* [Records for this task]
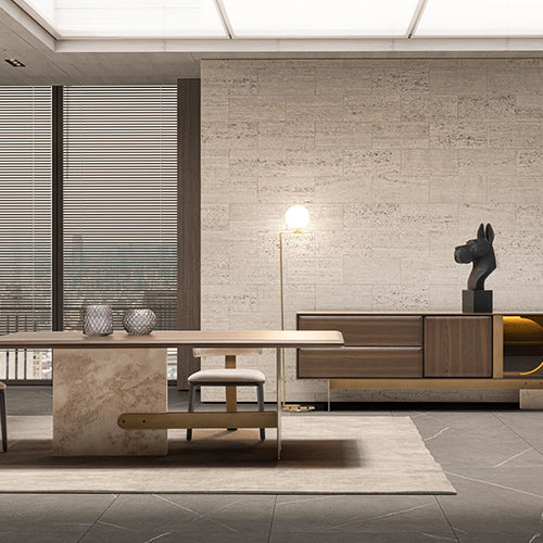 Thermo meşe kaplama ve özel üretim doğal mermerin bir arada kullanıldığı Era Yemek Masası, geniş yüzeyiyle yemek alanlarında rahat bir kullanım sunar. Dengeli oranları ve sade formu sayesinde mekânda düzenli ve uyumlu bir görünüm oluşturur. Era serisinin diğer parçalarıyla birlikte kullanıldığında bütüncül bir yemek alanı yerleşimi sağlar.
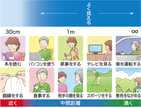 - スポーツや買い物をするときなど、中間距離にピントが合う
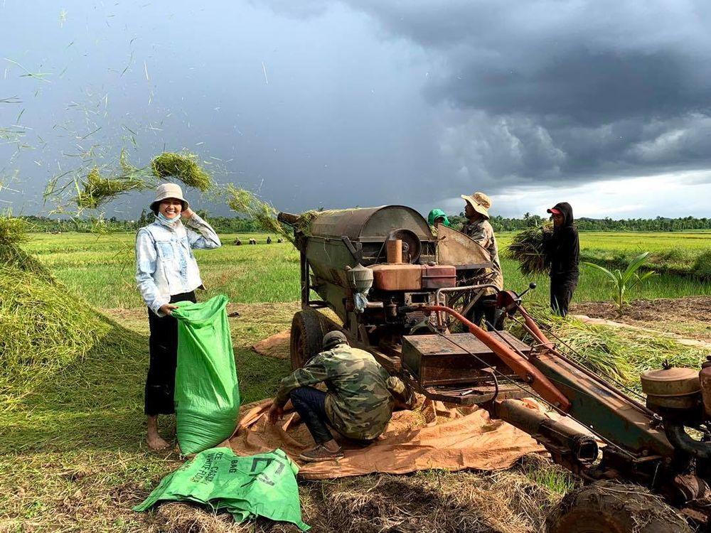 Hoa hậu vui vẻ với công việc đồng áng. (Ảnh: FBNV) |
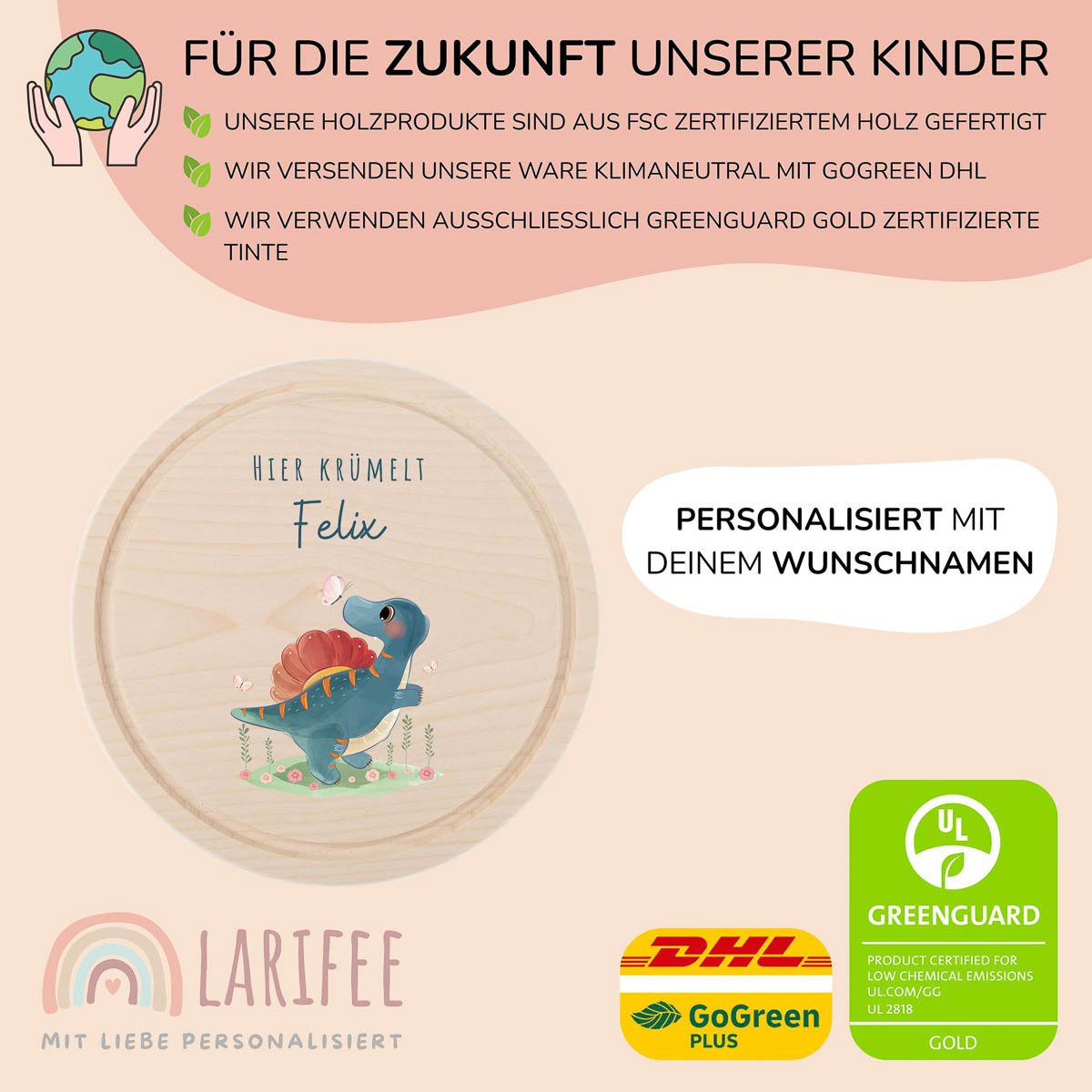 Frühstücksbrettchen Holz rund personalisiert – Dino
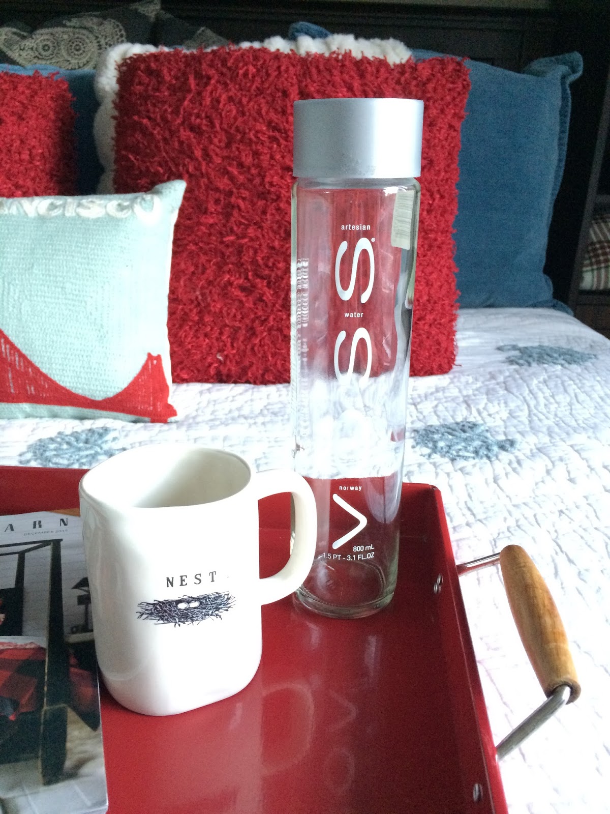 I like to buy VOSS water bottles and leave a coffee mug or glass in the room. I love the sturdy glass bottle and my guest can take it home with them. ย My guests don’t have to go rummaging for a drink in the middle of the night either, they have water right in their room. In the morning, they can bring their coffee mug down for a cup of joe or hot tea. ย Don’t you love this little “nest” mug we bought from Homegoods?

* [What this task involves] Give the data again word for word, without pictures.

* [Response box]
 Thermo meşe kaplama ve özel üretim doğal mermerin bir arada kullanıldığı Era Yemek Masası, geniş yüzeyiyle yemek alanlarında rahat bir kullanım sunar. Dengeli oranları ve sade formu sayesinde mekânda düzenli ve uyumlu bir görünüm oluşturur. Era serisinin diğer parçalarıyla birlikte kullanıldığında bütüncül bir yemek alanı yerleşimi sağlar.
 - スポーツや買い物をするときなど、中間距離にピントが合う
 Hoa hậu vui vẻ với công việc đồng áng. (Ảnh: FBNV) |
 Frühstücksbrettchen Holz rund personalisiert – Dino
 I like to buy VOSS water bottles and leave a coffee mug or glass in the room. I love the sturdy glass bottle and my guest can take it home with them. ย My guests don’t have to go rummaging for a drink in the middle of the night either, they have water right in their room. In the morning, they can bring their coffee mug down for a cup of joe or hot tea. ย Don’t you love this little “nest” mug we bought from Homegoods?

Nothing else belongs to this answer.